倒是楊夕顯得穩重些,好歹也是帶過那麽多師弟師妹。
他又彎著手指,輕輕敲了下朝夕的腦袋,嘿,別說,今天十一的腦袋格外好敲。
“慌什麽,小師妹如今靈台初成,待正式拜過祖師爺再送見面禮也不遲。”
這下倒讓顧清有些慌亂了。
“不...不不....顧清並不需要那麽隆重,隻願學些法術,好斬邪除魔....。”
這話聽著真是好聽,但饒是常不出山門的朝夕也聽出了顧清口音差異。
“小小師妹不是這兒的人吧?”
顧清垂著腦袋。
“嗯...確實不是....我是蜀南地區的人。”
楊禾摸著下巴,蜀南距玄霄山幾千余裡,一介凡人徒手徒腳,且不論沿途邪修惡怪,光是走那麽遠的路估計都能把人走死。

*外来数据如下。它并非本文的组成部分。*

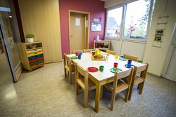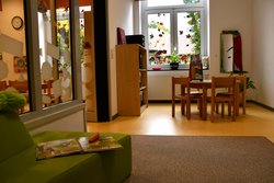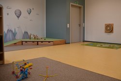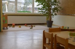 In dieser Einrichtung stehen uns zwei Gruppenräume mit angeschlossenem Nebenraum, einer Küche, einem Funktionsraum, ein Bewegungsbereich und das Außengelände zur Verfügung, die sich in themenbezogene Bereiche aufteilen.

穆師叔說,本來小十三以靈氣洗滌,強行塑了靈台,理應入了捉煞殿煉藥鍛器去,但她的性格執拗,似又有心魔糾纏,反而不利於修行。
十三師妹的過去呀,恐怕比想象中的艱難許多。
朝夕難得聰明一回。
她擁著顧清肩膀,左搖右晃。
“那不管什麽蜀南蜀北,從現在開始,玄霄山,便是十三師妹新家!”
顧清手指纏著自己發絲,彷徨的看著朝夕。
她微微點了下頭。
“嗯...家...。”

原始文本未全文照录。